Supplied material below:
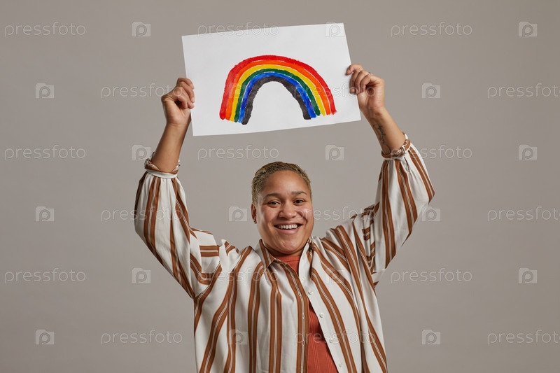 Современная женщина смешанной расы празднует ЛГБТК
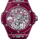 45 mm polished red sapphire crystal case, polished red sapphire crystal bezel, sapphire crystal with anti-reflective treatment, sapphire crystal dial, HUB6016 movement, approximately 115 hours of power reserve, red transparent structured lined rubber strap, titanium deployant buckle. Water resistant to 30m (3 ATM).
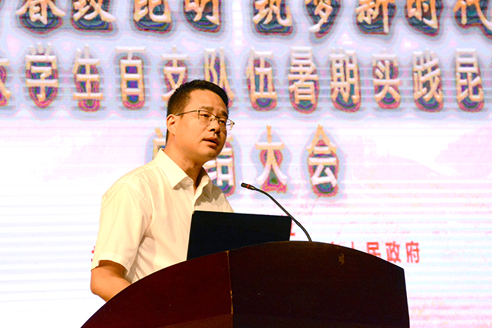 8月16日上午,“青春致昆明 筑梦新时代”全国大学生百支队伍暑期实践昆明行活动总结大会在开云官网隆重举行。此次实践活动以“青春致昆明 筑梦新时代”为主题,100支队伍,近600人参与实践活动,打造“红色记忆”、“活力昆明”、“文化昆明”、“脱贫攻坚”、“绿色发展”5个实践主题,取得良好的示范引领效果。昆明市委常委、副市长胡宝国,开云官网党委副书记张祖武,共青团云南省委副书记魏妮娅,云南省文化厅机关纪委书记张劼,共青团昆明市委书记郝国栋,云南省人力资源社会保障厅就业促进处副处长马责及来昆参加活动的百支大学生实践团队师生参加了总结大会。
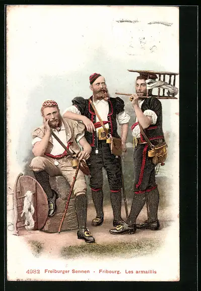 AK Freiburger Sennen in Tracht mit Tabakspfeife
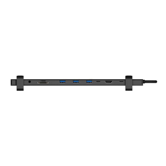 Prakticky tvarovaná USB-C dokovací stanice "Multi10in1" pro připojení až 10 periferií (2x USB-C, 1x HDMI, 3x USB-A, 3.5 mm jack, RJ45 Gigabit Ethernet. SD karta, MicroSD karta).
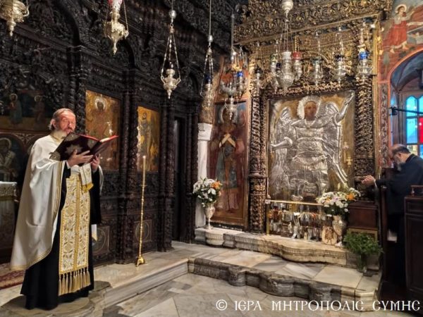 Χοροστάτησε στους εσπερινούς και έψαλε με το χαρακτηριστικό και ιδιαίτερο Αγιορειτικό ύφος τον Μικρό και Μεγάλο Παρακλητικό Κανόνα. Στο τέλος των ακολουθιών, ομιλούσε στους πιστούς για το Θεομητορικό Πρόσωπο της Υπεραγίας Θεοτόκου και τον κορυφαίο ρόλο που Αυτή διεδραμάτισε στο Μυστήριο της σωτηρίας του γένους των ανθρώπων.
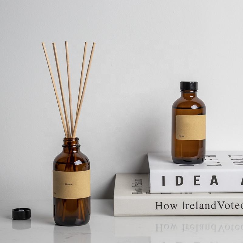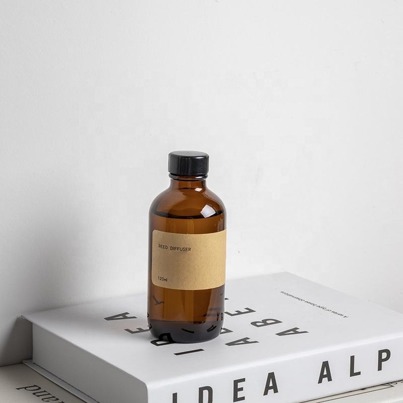 ins style boston round amber reed diffuser glass bottle 100ml 120ml 4oz with box rattan sticks
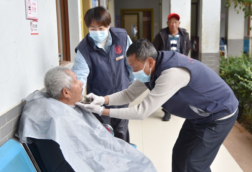 和文耀给老人理胡须。(丽江融媒记者 段玉菊 摄)
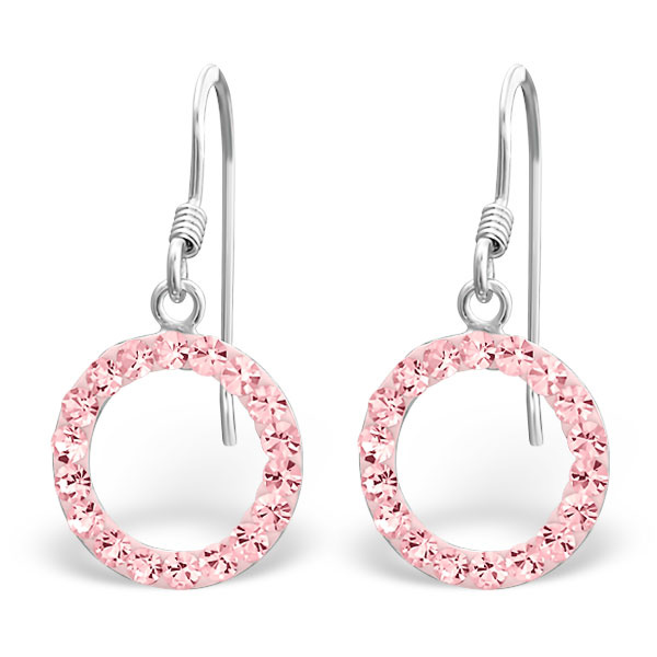 Stříbrné visací náušnice v podobě kruhů, které jsou dokola osázené malými třpytivými zirkony v růžové barvě. Tyto náušnice vypadají dobře při každé příležitosti - jsou krásné a elegantní.Materiál šperku: Stříbrol Rozměry: 12 mm
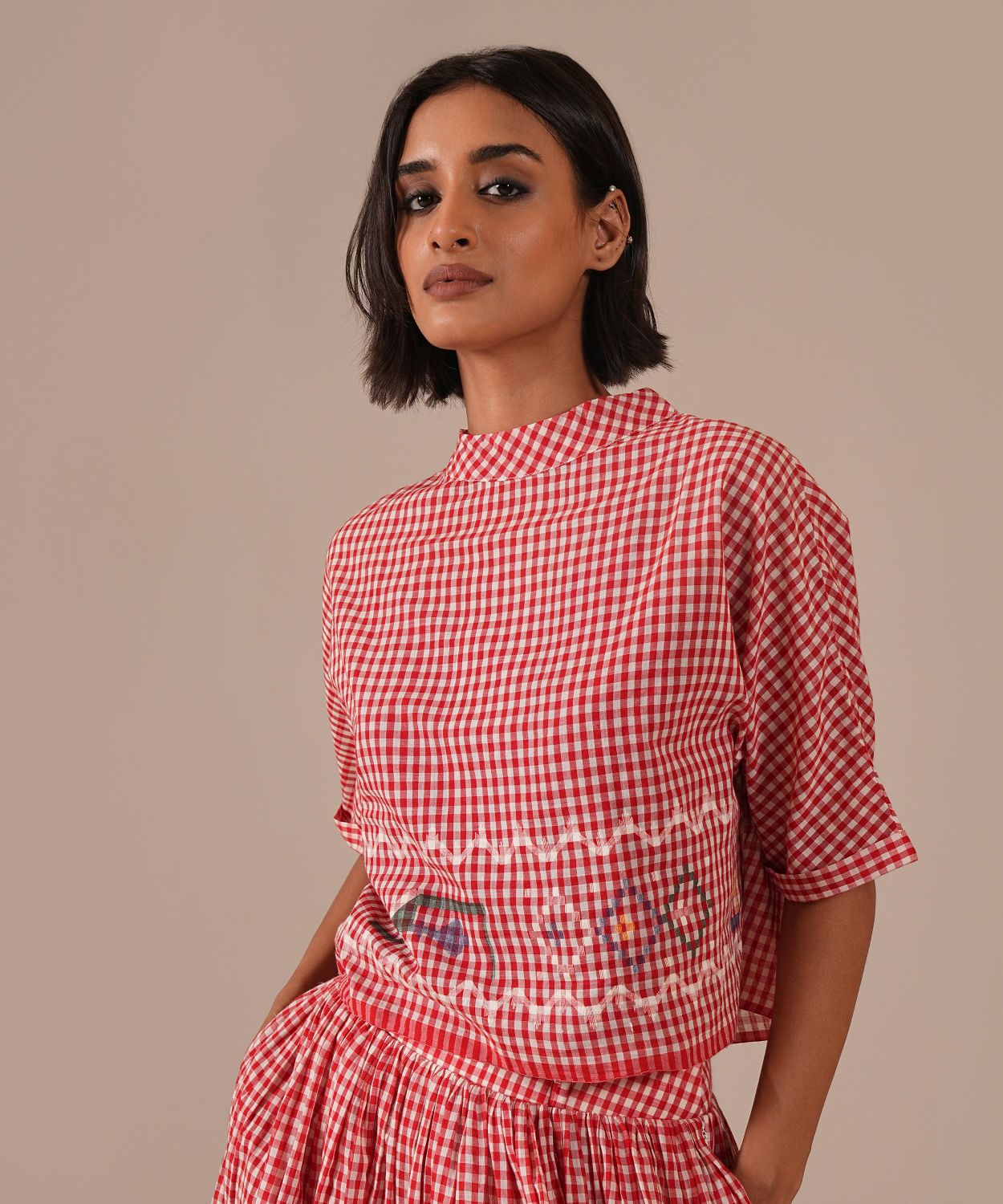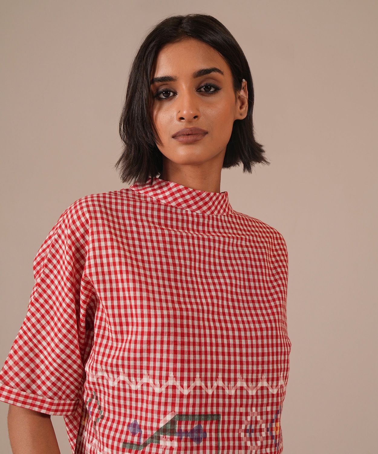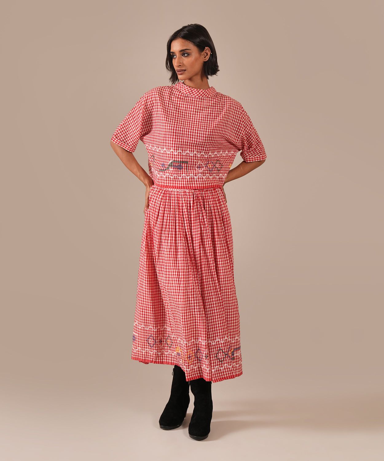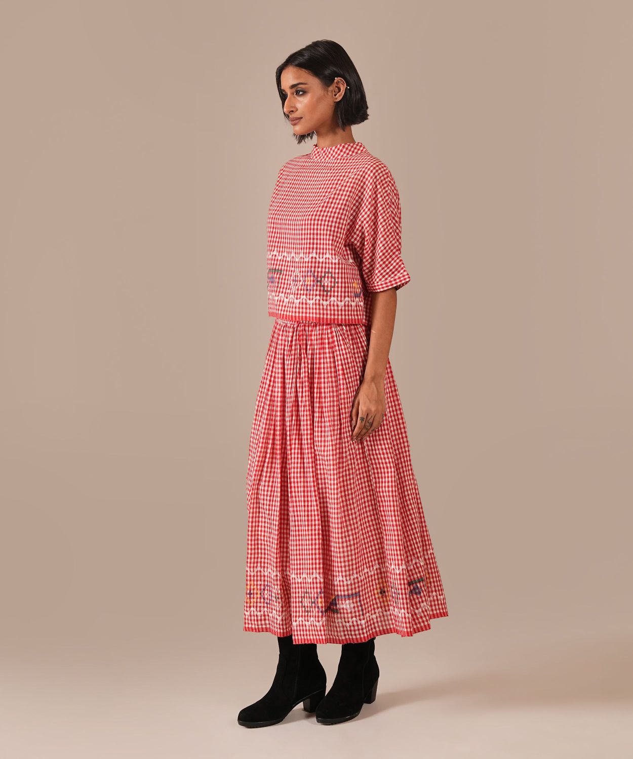 A classic jamdani co-ord set featuring jamdani gathered skirt with side pockets and a boxy top is a perfect choice for your wardrobe.
End of Supplied material.
A faithful, complete copy of the records above is required, one that contains no pictures.

 Современная женщина смешанной расы празднует ЛГБТК
 45 mm polished red sapphire crystal case, polished red sapphire crystal bezel, sapphire crystal with anti-reflective treatment, sapphire crystal dial, HUB6016 movement, approximately 115 hours of power reserve, red transparent structured lined rubber strap, titanium deployant buckle. Water resistant to 30m (3 ATM).
 8月16日上午,“青春致昆明 筑梦新时代”全国大学生百支队伍暑期实践昆明行活动总结大会在开云官网隆重举行。此次实践活动以“青春致昆明 筑梦新时代”为主题,100支队伍,近600人参与实践活动,打造“红色记忆”、“活力昆明”、“文化昆明”、“脱贫攻坚”、“绿色发展”5个实践主题,取得良好的示范引领效果。昆明市委常委、副市长胡宝国,开云官网党委副书记张祖武,共青团云南省委副书记魏妮娅,云南省文化厅机关纪委书记张劼,共青团昆明市委书记郝国栋,云南省人力资源社会保障厅就业促进处副处长马责及来昆参加活动的百支大学生实践团队师生参加了总结大会。
 AK Freiburger Sennen in Tracht mit Tabakspfeife
 Prakticky tvarovaná USB-C dokovací stanice "Multi10in1" pro připojení až 10 periferií (2x USB-C, 1x HDMI, 3x USB-A, 3.5 mm jack, RJ45 Gigabit Ethernet. SD karta, MicroSD karta).
 Χοροστάτησε στους εσπερινούς και έψαλε με το χαρακτηριστικό και ιδιαίτερο Αγιορειτικό ύφος τον Μικρό και Μεγάλο Παρακλητικό Κανόνα. Στο τέλος των ακολουθιών, ομιλούσε στους πιστούς για το Θεομητορικό Πρόσωπο της Υπεραγίας Θεοτόκου και τον κορυφαίο ρόλο που Αυτή διεδραμάτισε στο Μυστήριο της σωτηρίας του γένους των ανθρώπων.
 ins style boston round amber reed diffuser glass bottle 100ml 120ml 4oz with box rattan sticks
 和文耀给老人理胡须。(丽江融媒记者 段玉菊 摄)
 Stříbrné visací náušnice v podobě kruhů, které jsou dokola osázené malými třpytivými zirkony v růžové barvě. Tyto náušnice vypadají dobře při každé příležitosti - jsou krásné a elegantní.Materiál šperku: Stříbrol Rozměry: 12 mm
 A classic jamdani co-ord set featuring jamdani gathered skirt with side pockets and a boxy top is a perfect choice for your wardrobe.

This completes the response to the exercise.